There's also a steady overseas+tourist market for the honey gathered from bees that forage on it as a "superfood" or health supplement.
The spiky ones are cabbage trees. They're a hashtag iconic New Zealand plant. The small-leaved customer in the front is probably a beech? Let me get back to you on that'n
In the front yard, we've got a pittosporum (probably Pittosporum tenuifolum, aka kohuhu) in the back in the Vege Zone, and a plant of unknown disposition in the rockery. It's got cool zig-zaggy branches and soft leaves and I'm probably gonna have to ask my dad when he gets home. Blah.
A pple tree. Espaliered against the fence for space considerations and also to make it easier to pick the fruit. Next to it is the worm bin in black, and the compost bin below.

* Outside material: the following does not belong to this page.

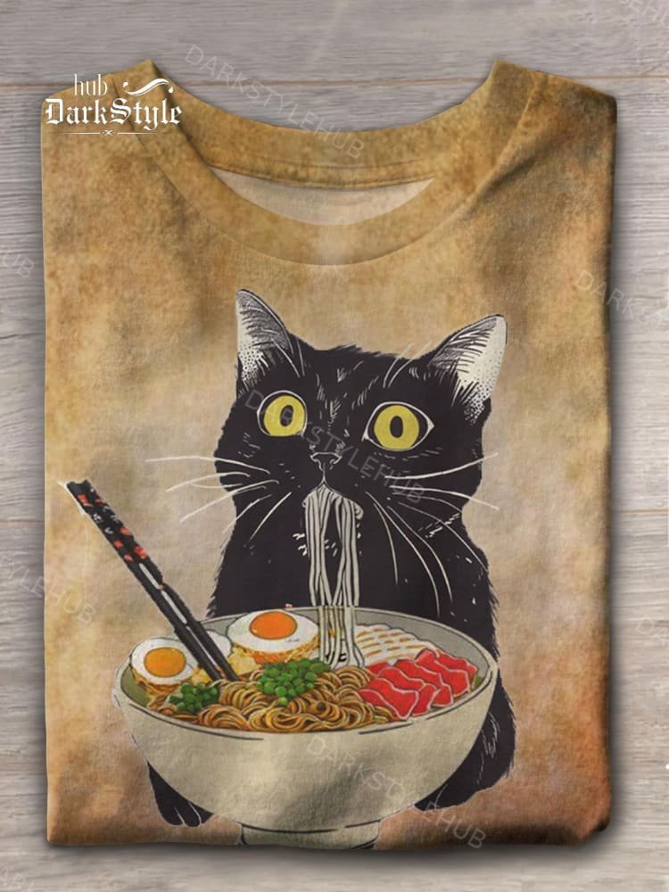 Women's Cat Eating Noodles Funny Print Loose Casual T-shirt

Moving into the backyard, we've got two camellias (underneath is a popular chicken-foraging spot), a japanese maple that my cat got stuck in, and big ol' azalea. In the back you can see a mature cabbage tree (on the neighbor's property).
Finally, backing onto our property are the neighbor's trees, which drop enough fuckening leaves and seed that they count in my tour. The yellow-green big fellow in the back is an elm, with all the annoying papery seeds that entails. The foreground broadleaf is a mystery for the fuckening ages (at least until I go and get some more Plant ID books from my library).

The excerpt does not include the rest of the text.